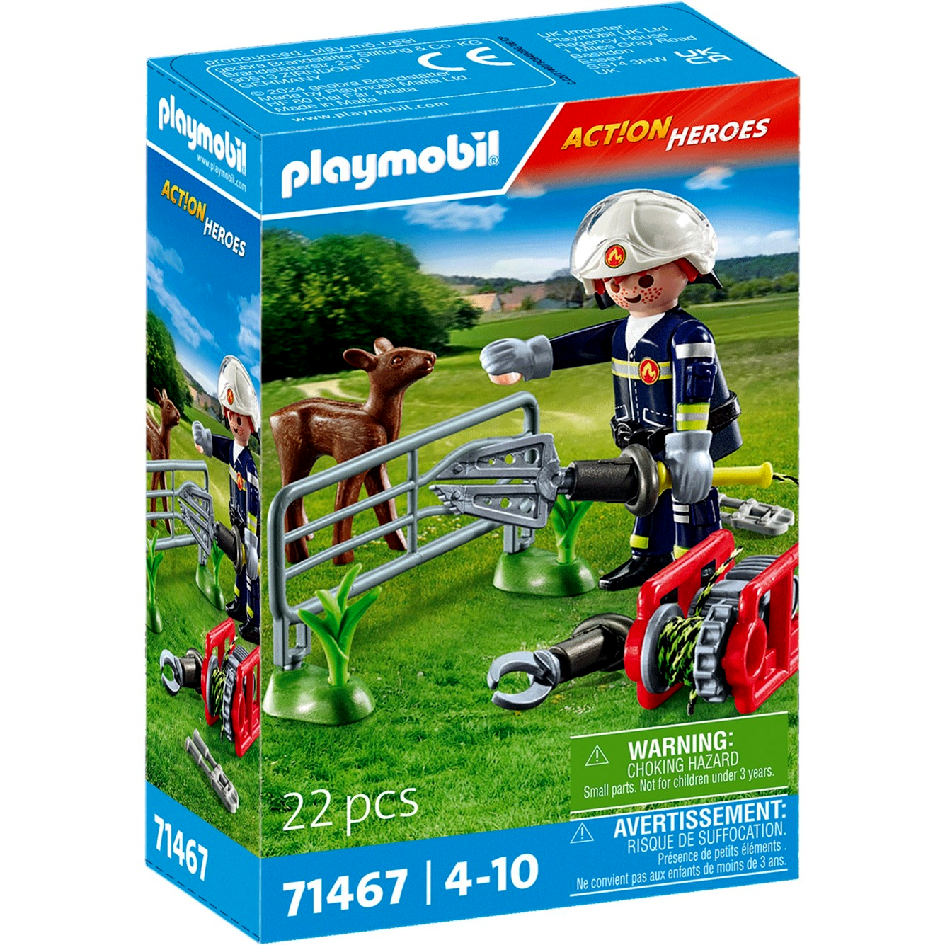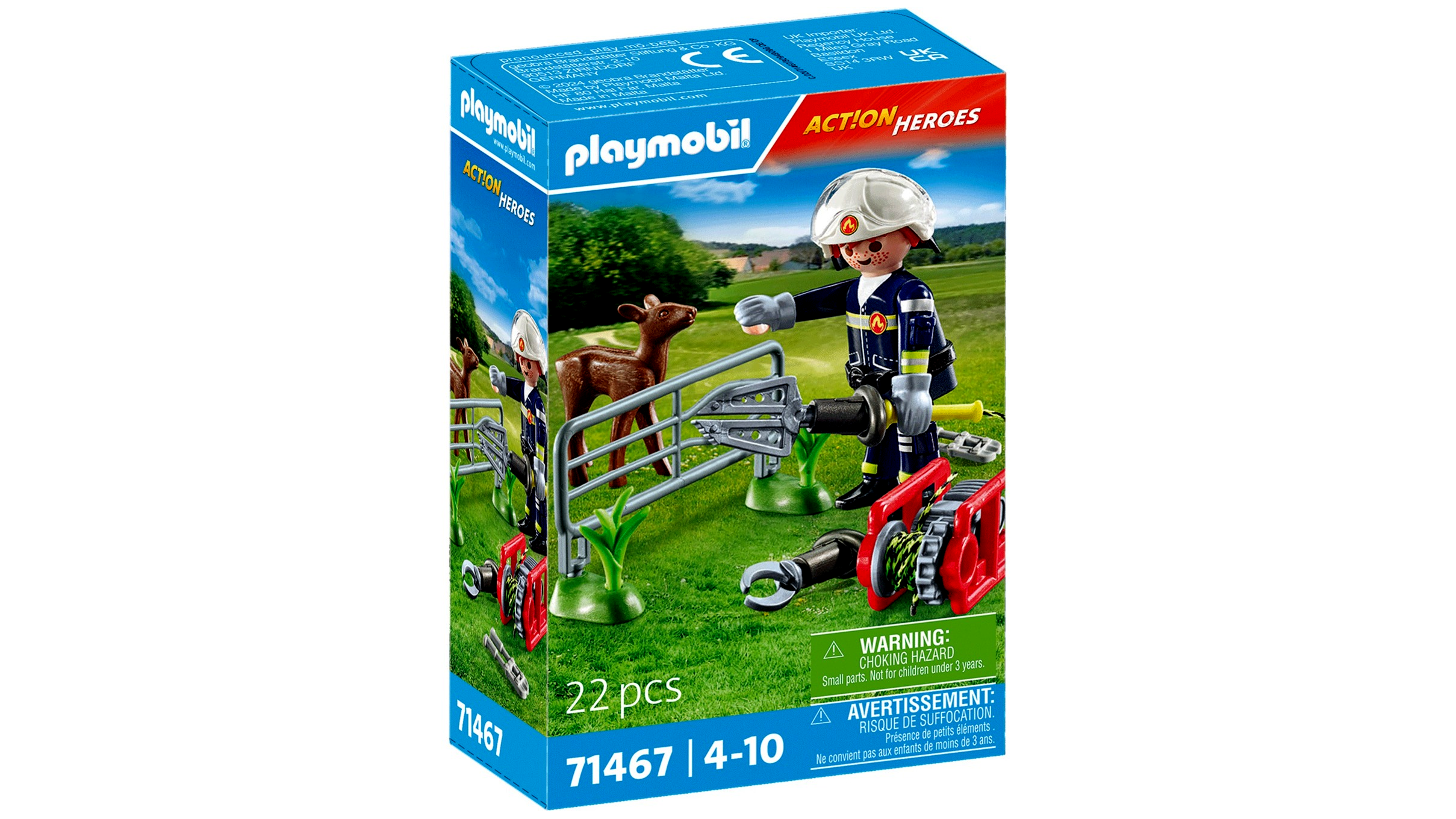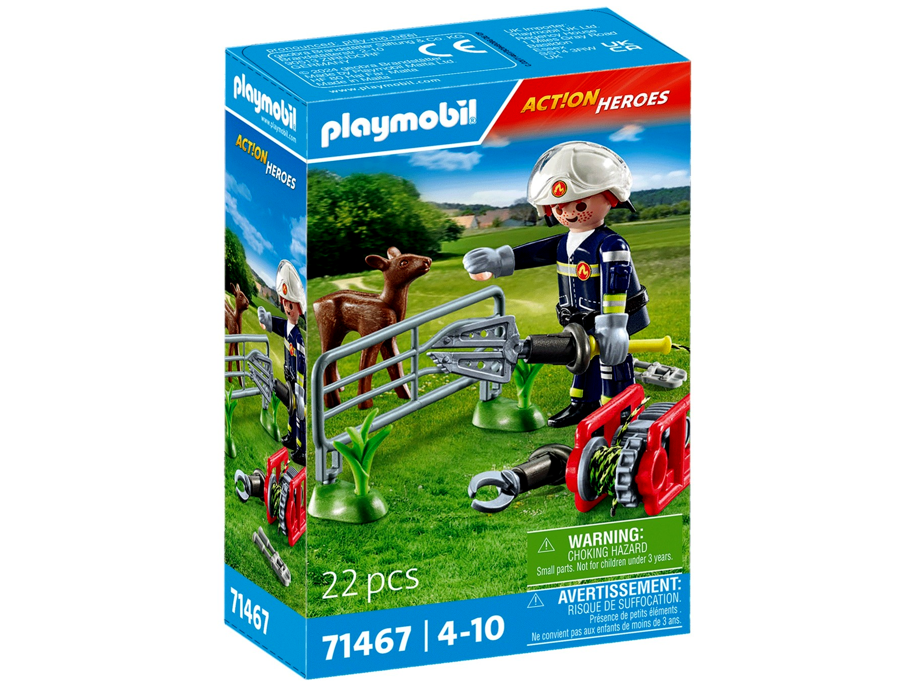A tűzoltó figura számos különleges kellékkel van felszerelve, hogy a mentés a lehető legsimábban menjen. Speciális szerszámaival, mint a mentőolló és a szórófej, ügyesen tudja szétfeszíteni a kerítést, hogy kiszabadítsa az őzet. A figura kivehető kesztyűcsatlakozókkal és mozgatható napellenzővel ellátott sisakkal rendelkezik, így még biztonságosabbá válik a mentés.
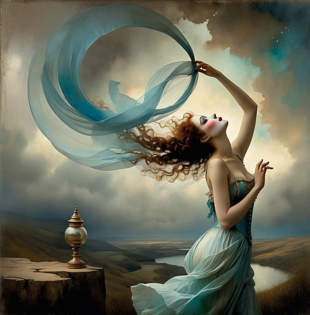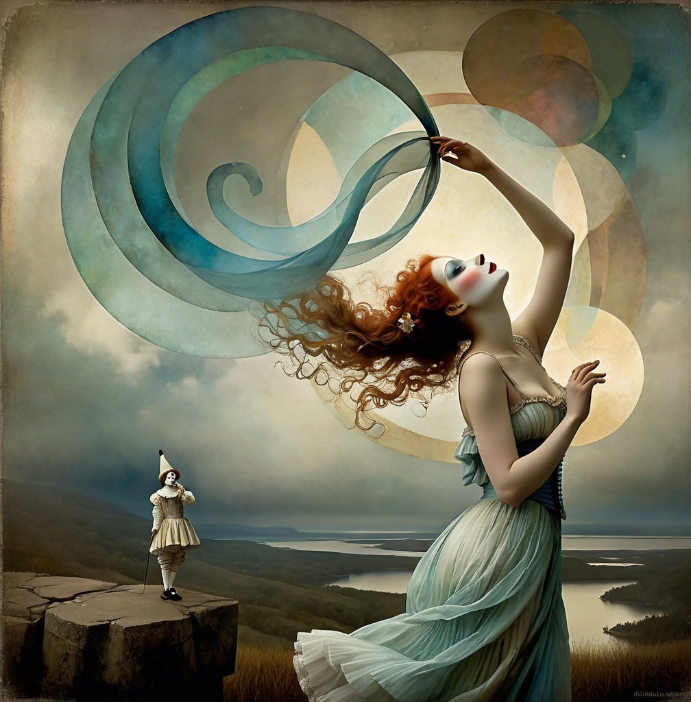 A whimsical clown with vibrant red curls poses gracefully, holding colorful balloons against a dreamy landscape with a serene moon, quaint houses, and rolling hills in the background.
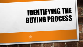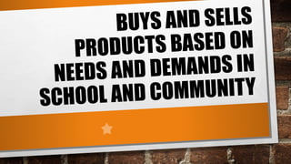 The document explains the concepts of needs, wants, and demands, highlighting that needs are essential for survival while wants are items that enhance comfort but are not necessary. It describes the buying process as a series of steps from recognizing needs and wants, searching for information, evaluating choices, making a purchase decision, and then evaluating the purchase experience. Examples illustrate the types of needs and wants in various contexts, specifically in education and community settings.
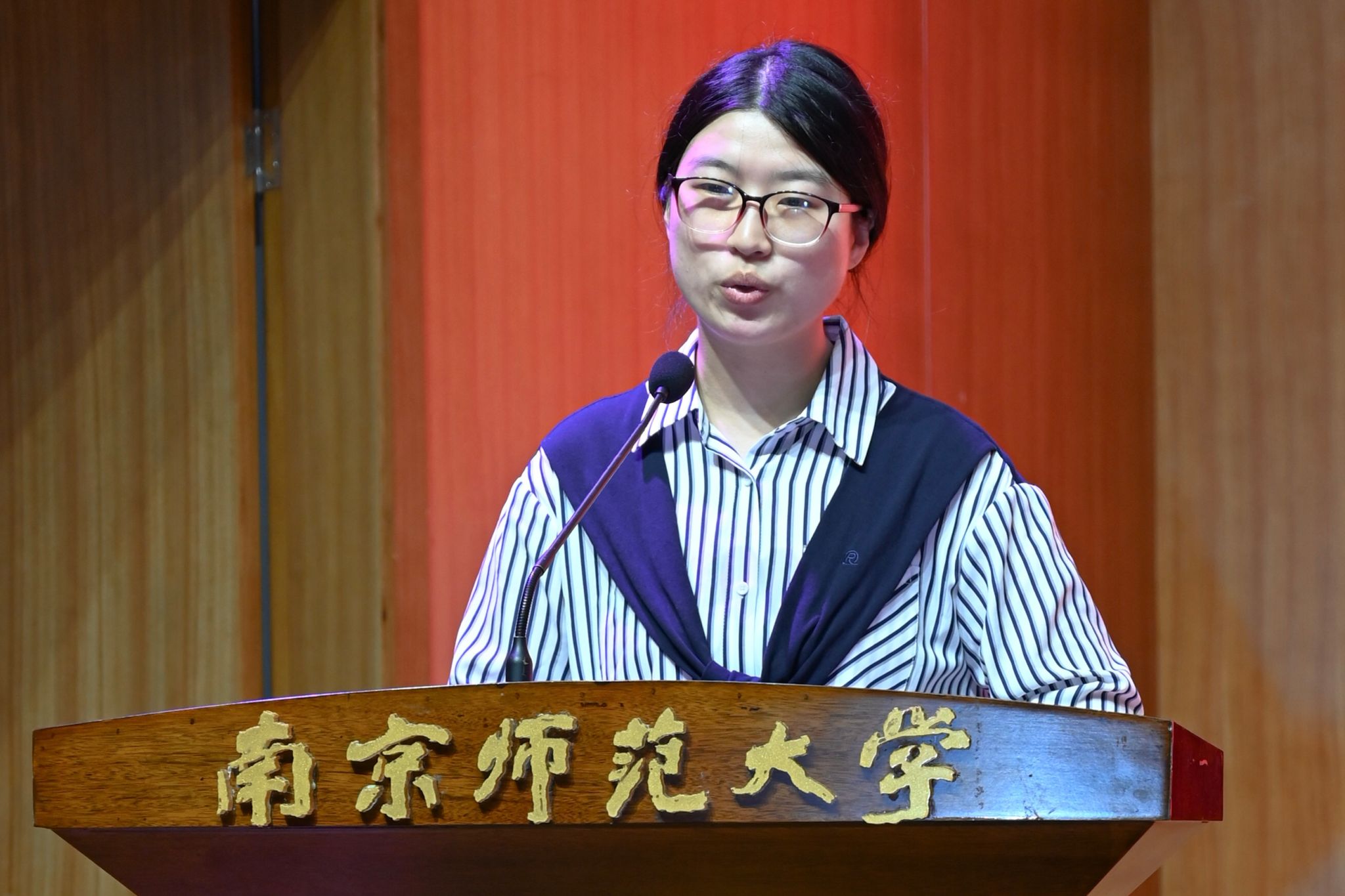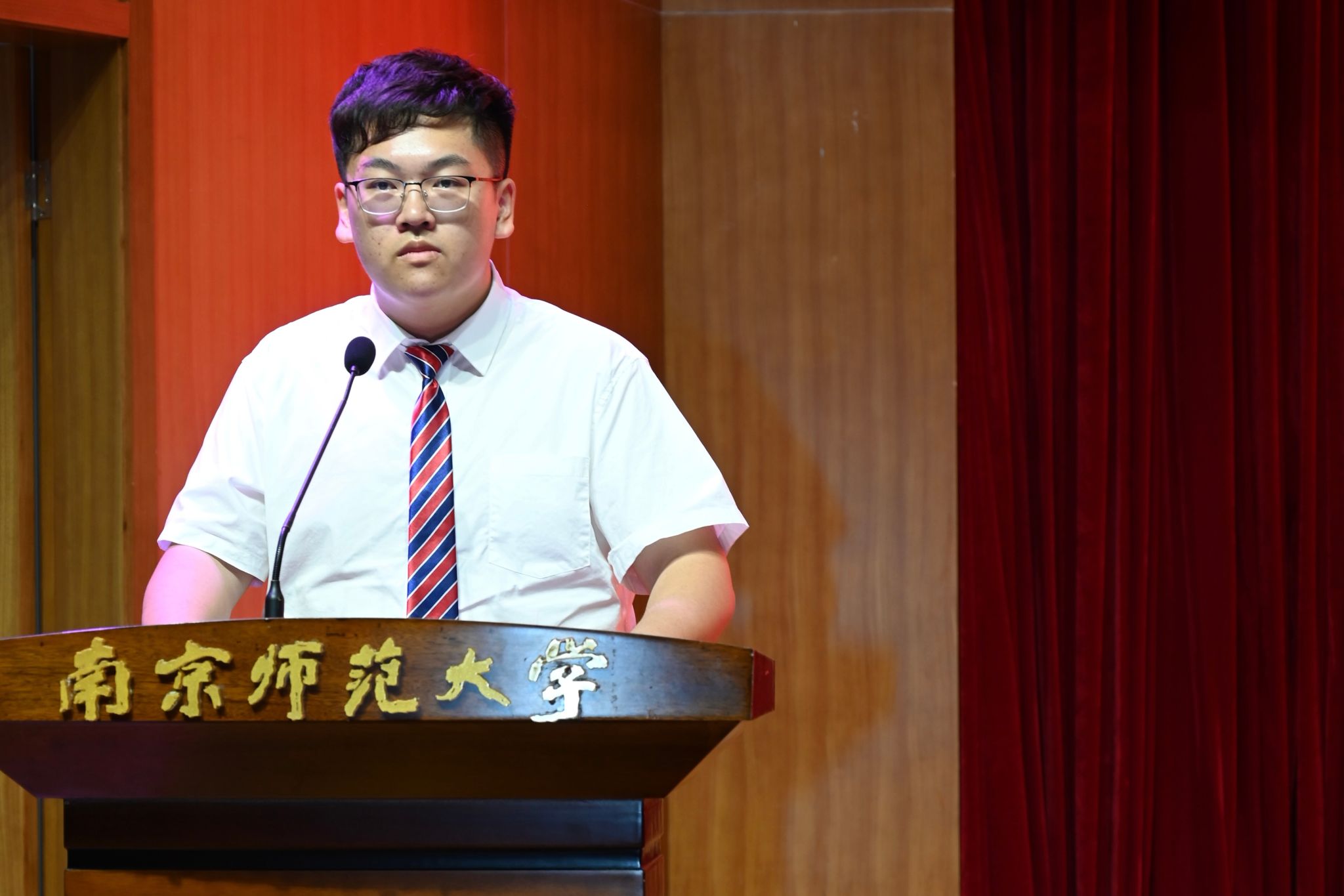 典礼上,数科院2021级计算数学专业硕士研究生孟美桦同学作为老生代表发言,她用亲身经历鼓励学弟学妹们端正心态、全力以赴,主动走出舒适圈,迎接新的挑战,强调“念念不忘,必有回响”,并号召同学们能够积极参与各类数模竞赛,不畏失败、不留遗憾。2023级数学类专业本科生周渝航同学则从自己与南师的初次结缘出发,号召同学们“百学须先立志”,培养良好的自主学习习惯,不断丰富阅历、提高综合素质。
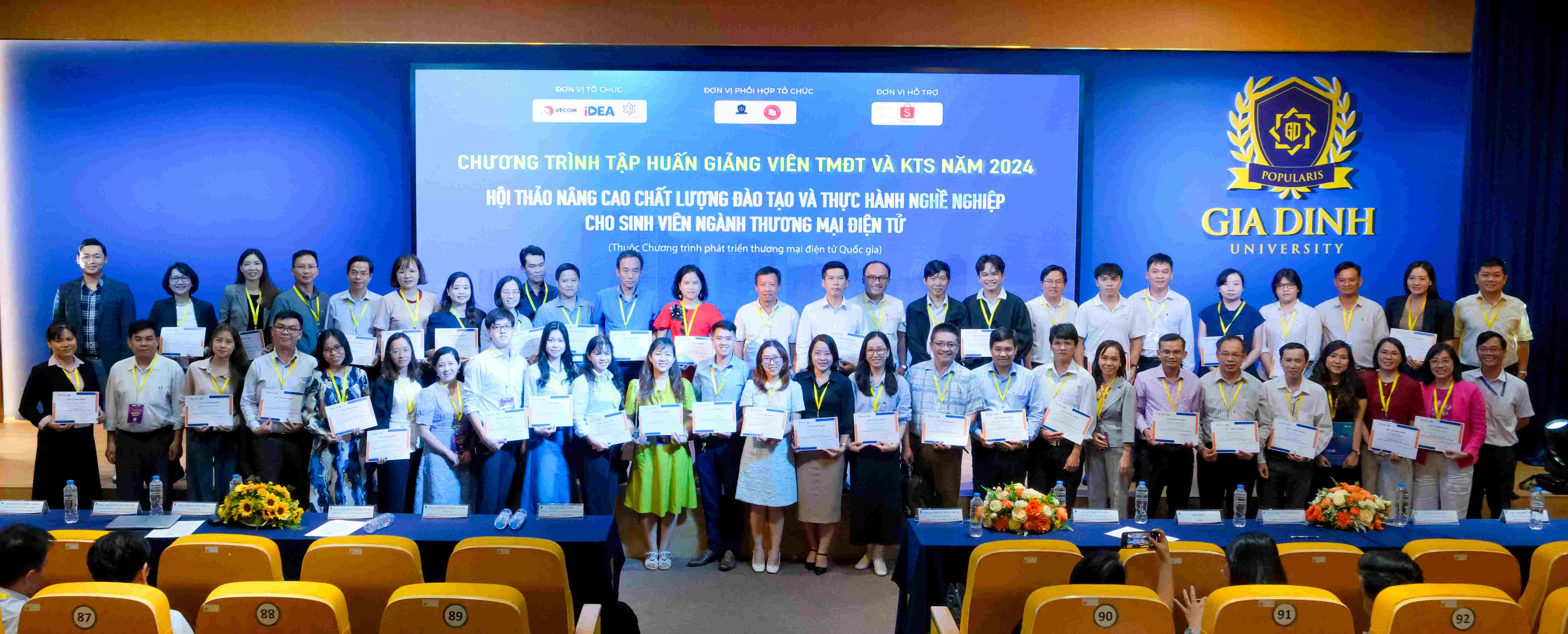 Kết thúc khóa đào tạo, gần 400 giảng viên tại TP. HCM và Hà Nội đã được nhận chứng chỉ tham gia Chương trình. Ban tổ chức xin gửi lời cảm ơn sự hỗ trợ và tham gia của Quý Thầy/Cô, điều này đã góp phần quan trọng vào thành công của chương trình. Ban tổ chức hy vọng rằng những chia sẻ từ doanh nghiệp không chỉ giúp Quý Thầy/Cô có cái nhìn sâu sắc hơn về thực tiễn ngành thương mại điện tử mà còn mở rộng kiến thức cho các ngành liên quan khác. Từ đó, những thông tin này sẽ góp phần nâng cao chất lượng đào tạo và định hướng tốt hơn cho sinh viên trong quá trình học tập và phát triển nghề nghiệp.
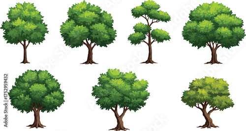 Cartoon tree illustration set, stylized foliage collection, vibrant greenery clipart, outdoor vegetation, forest element, eco concept, garden decoration, seasonal artworkCartoon tree illustration set
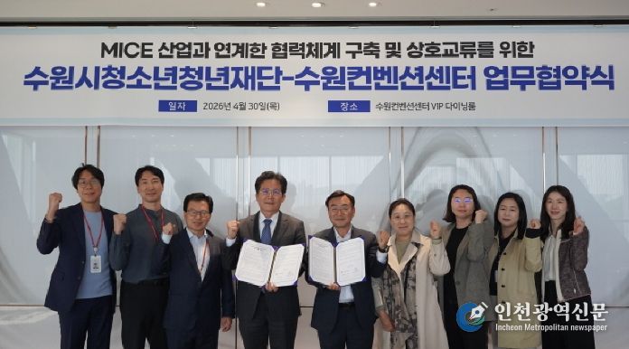 [인천광역신문] 최예준 기자 | 수원시청소년청년재단(이사장 최종진)과 수원컨벤션센터가 4월 30일 양 기관의 상호 협력과 교류 확대를 위한 업무협약을 체결했다.

Work instructions. When you reach the line with "典礼上,数科院2021级计算" in the entries above, start copying, and go on word for word to the last line; skip any picture.

Response to this exercise.
 典礼上,数科院2021级计算数学专业硕士研究生孟美桦同学作为老生代表发言,她用亲身经历鼓励学弟学妹们端正心态、全力以赴,主动走出舒适圈,迎接新的挑战,强调“念念不忘,必有回响”,并号召同学们能够积极参与各类数模竞赛,不畏失败、不留遗憾。2023级数学类专业本科生周渝航同学则从自己与南师的初次结缘出发,号召同学们“百学须先立志”,培养良好的自主学习习惯,不断丰富阅历、提高综合素质。
 Kết thúc khóa đào tạo, gần 400 giảng viên tại TP. HCM và Hà Nội đã được nhận chứng chỉ tham gia Chương trình. Ban tổ chức xin gửi lời cảm ơn sự hỗ trợ và tham gia của Quý Thầy/Cô, điều này đã góp phần quan trọng vào thành công của chương trình. Ban tổ chức hy vọng rằng những chia sẻ từ doanh nghiệp không chỉ giúp Quý Thầy/Cô có cái nhìn sâu sắc hơn về thực tiễn ngành thương mại điện tử mà còn mở rộng kiến thức cho các ngành liên quan khác. Từ đó, những thông tin này sẽ góp phần nâng cao chất lượng đào tạo và định hướng tốt hơn cho sinh viên trong quá trình học tập và phát triển nghề nghiệp.
 Cartoon tree illustration set, stylized foliage collection, vibrant greenery clipart, outdoor vegetation, forest element, eco concept, garden decoration, seasonal artworkCartoon tree illustration set
 [인천광역신문] 최예준 기자 | 수원시청소년청년재단(이사장 최종진)과 수원컨벤션센터가 4월 30일 양 기관의 상호 협력과 교류 확대를 위한 업무협약을 체결했다.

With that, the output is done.